Fortunately, I have not picked up that addiction, yet. I was going to suggest an AFAW custom job but at his stage, that's like going from smoking cigarettes to smoking, well, you know in the expense department.


----------



## HellRhaY (Jul 6, 2007)

emanuel said:


> Fortunately, I have not picked up that addiction, yet. I was going to suggest an AFAW custom job but at his stage, that's like going from smoking cigarettes to smoking, well, you know in the expense department.


for jetty/pier fishing- a 10'9''-13ft'er is way too long.
should be around 9-10ft.
if yu're going to be on a jetty or on a bridge, get a composite rather than a pure graphite.

no afaw would fit the bill. i'd suggest to get a rainshadow composite. 

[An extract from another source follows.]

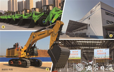 图①柳工电动装载机图②柳工挖掘机智慧工厂

emmanuel, what are you going to do with all the money you make? at least indulge yourself on ONE custom...the first one is only the hard part.


----------



## emanuel (Apr 2, 2002)

I'm thinking about a custom rod for throwing plugs and live baits from a pier, but I have alot other things not fishing related that I need to throw money at right now. :redface:


----------



## RuddeDogg (Mar 20, 2004)

Nice work. Pluggin is where it's at..........


----------



## KodiakZach (Mar 16, 2005)

Shimano Teramar is my fav. rod. I have rods that are 2 x 3 times more expensive and still like the Teramar best.


----------